### Directions for this task
Repeat the lines from the one containing "- 温哥华华裔学生网上炫富 开出名车厚礼 欲求女星电话" through the last line of the data, exactly, pictures omitted.

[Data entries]
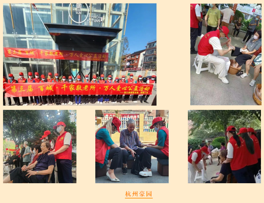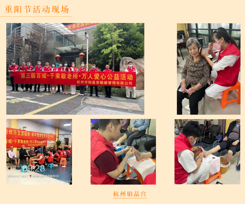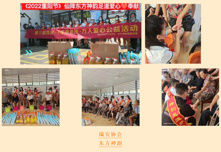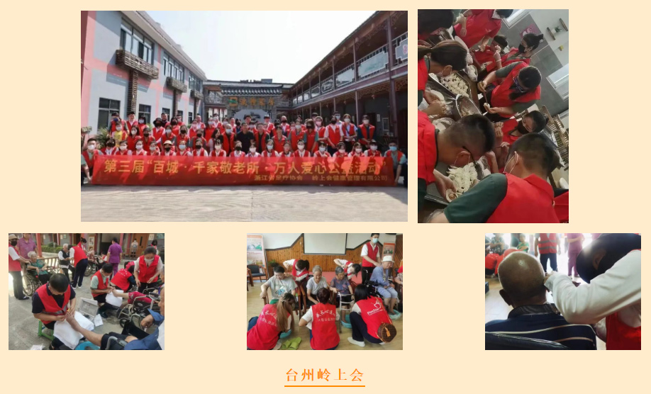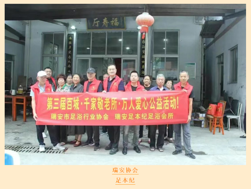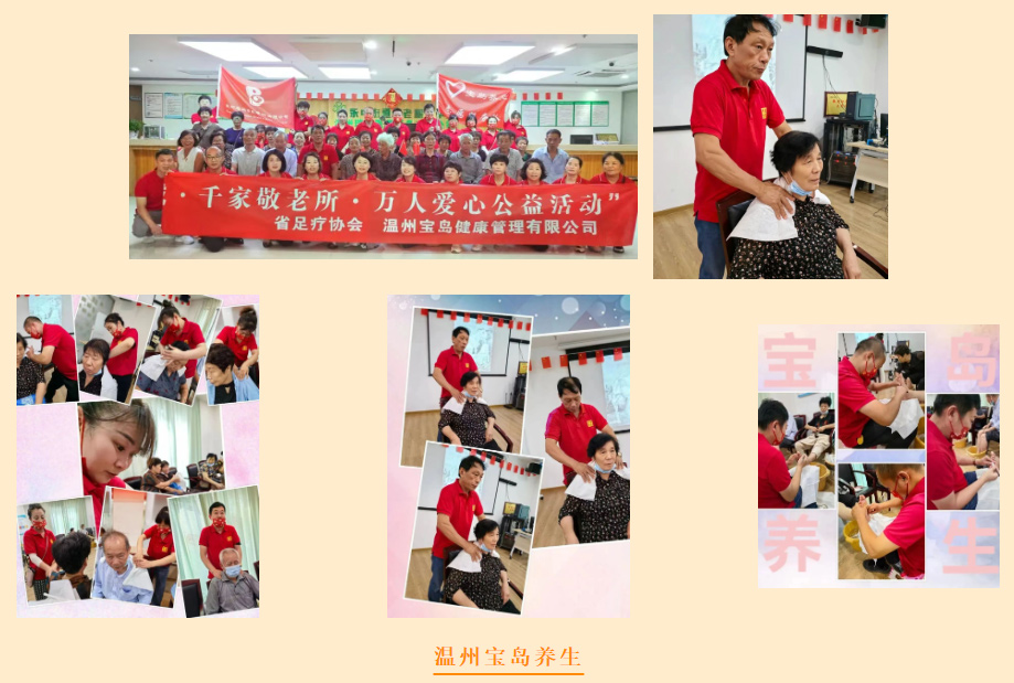 “岁岁重阳,今又重阳”,秋高气爽,国庆佳节之际,我们迎来了老人们传统节日---九九重阳节。为响应商务厅共同富裕召开、为弘扬中华民族敬老、爱老、助老的传统美德,献礼二十大,由浙江省足疗沐浴养生行业协会牵头,联合杭州、宁波、温州、绍兴、嘉兴、衢州、金华、湖州、瑞安、乐清、苍南、萧山、富阳、桐庐、嵊州等省内各地协会共同发起,声势浩大的爱心公益活动---第三届“百城·千家敬老所·万人爱心公益活动”,像一股爱的暖流在浙江大地涌动,徐徐拉开序幕。
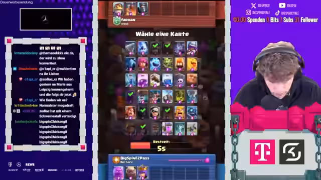 01:25:19Es werden ironische Kommentare über die Fähigkeiten des Gegners gemacht und ein Gegner gefordert, der das Spiel beherrscht. Es wird überlegt, welche Karten noch gepickt werden sollen, wobei der Fokus auf Drill und E-Golem liegt. Die Situation wird als Albtraum beschrieben, und es wird überlegt, wie man das Spiel noch retten kann. Es wird festgestellt, dass der Gegner unerwarteten Schaden verursacht hat, und die Hoffnung geäußert, dass der 'Dumme' als nächster Gegner kommt. Eine Challenge wird vorgeschlagen, bei der der Verlierer eine Salami-Stick-Lasagne zubereiten muss. Es wird über die Auswahl von Karten wie ARG und Epic Lightning diskutiert und ein neues Seven-TV-Remote von Kurzmute erwähnt. Die Teamzusammensetzung wird als problematisch angesehen, da es keine Karte gegen Archer Queen gibt. Der hohe Elixierdurchschnitt des Decks wird kritisiert, und es wird die Frage aufgeworfen, warum Big Spin die Karte sagt, wenn Sam an der Reihe ist. Insgesamt wird die Situation als herausfordernd und frustrierend beschrieben, wobei die Spieler versuchen, das Beste aus ihren Entscheidungen zu machen.
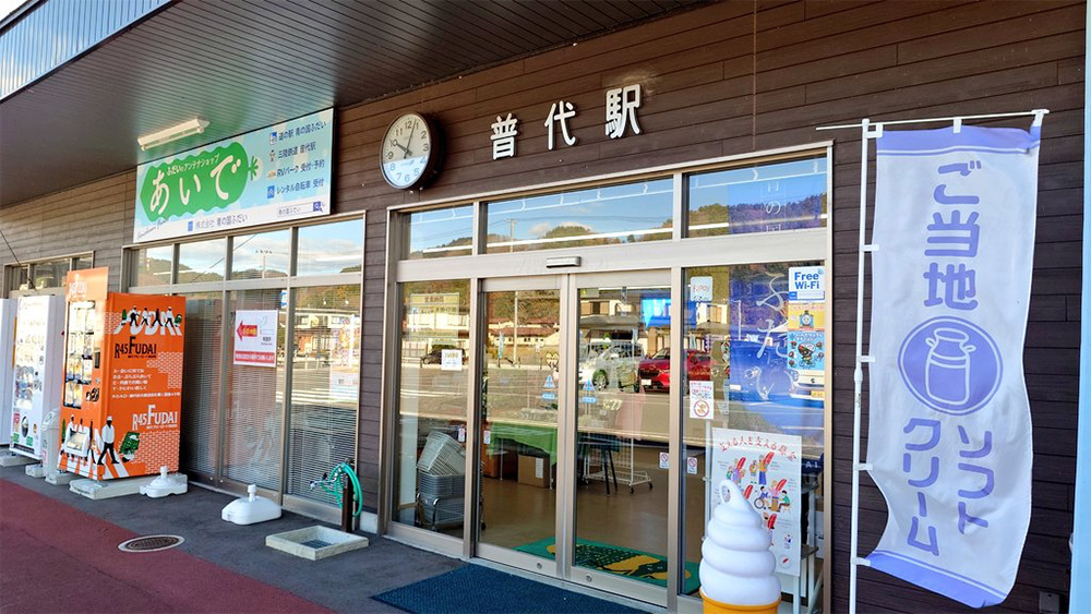次の詩碑は「黒崎展望台」ですが、間の普代駅周辺が観光のオススメポイントなので立ち寄ってみましょう♪普代駅は「道の駅青の国ふだい」と一つの建物になっていてとても便利!列車・バス・車のターミナルとして機能しています。
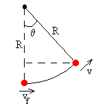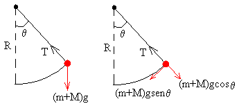 Movimiento después del choqueUna vez que el conjunto bala-bloque ha adquirido la velocidad vf, se desvía de la posición de equilibrio, haciendo un ángulo θ, al cabo de un cierto tiempo t tal como se indica en la figura. Supondremos que el bloque y la bala son masas puntuales. Descomponemos las fuerzas que actúan sobre sistema a lo largo de la dirección radial y a lo largo de la dirección tangencial
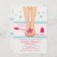 Um convite encantador para um dia de Spa para celebrar um aniversário especial ou uma despedida de solteira. O cartão apresenta pés usando esmalte vermelho com uma borda rendada e fundo floral. (FP)
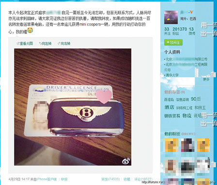 - 温哥华华裔学生网上炫富 开出名车厚礼 欲求女星电话
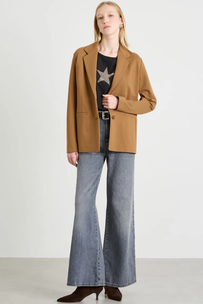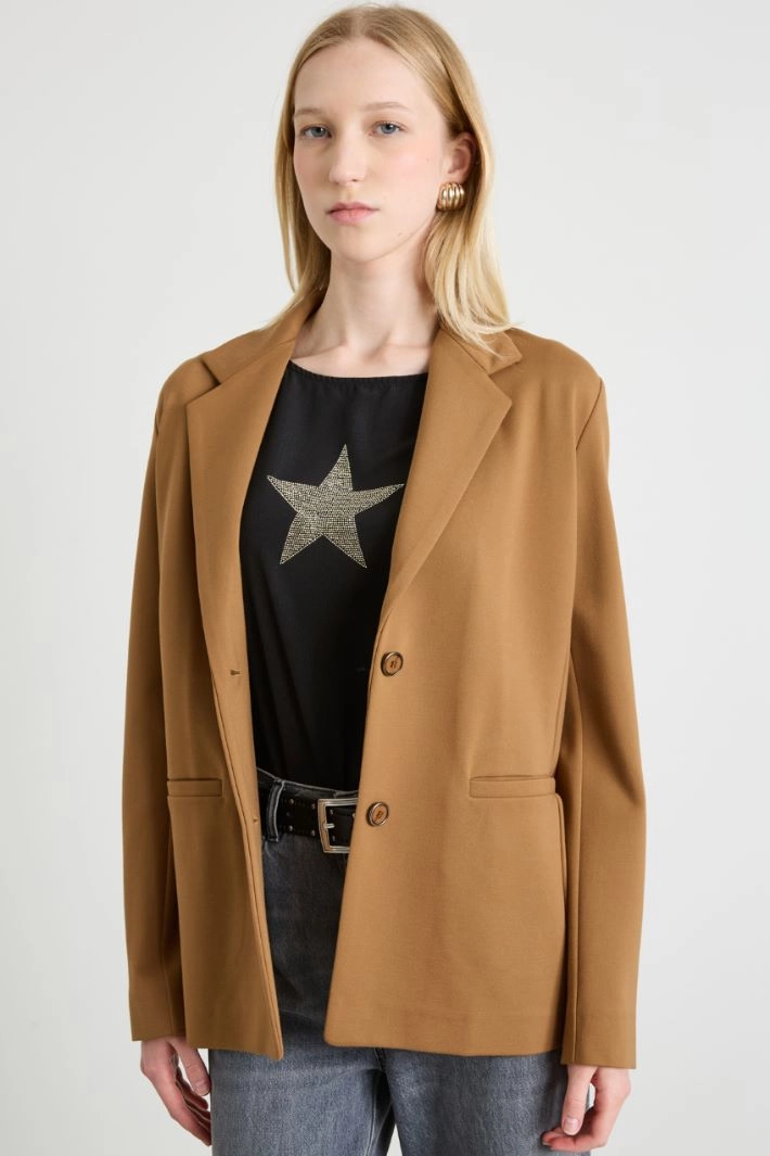 Slightly fitted blazer in stretch viscose blend jersey, with lapel collar, long sleeves, side welt pockets and central vent on the back. Single-breasted button fastening. Unlined.

### Output for this task
 - 温哥华华裔学生网上炫富 开出名车厚礼 欲求女星电话
 Slightly fitted blazer in stretch viscose blend jersey, with lapel collar, long sleeves, side welt pockets and central vent on the back. Single-breasted button fastening. Unlined.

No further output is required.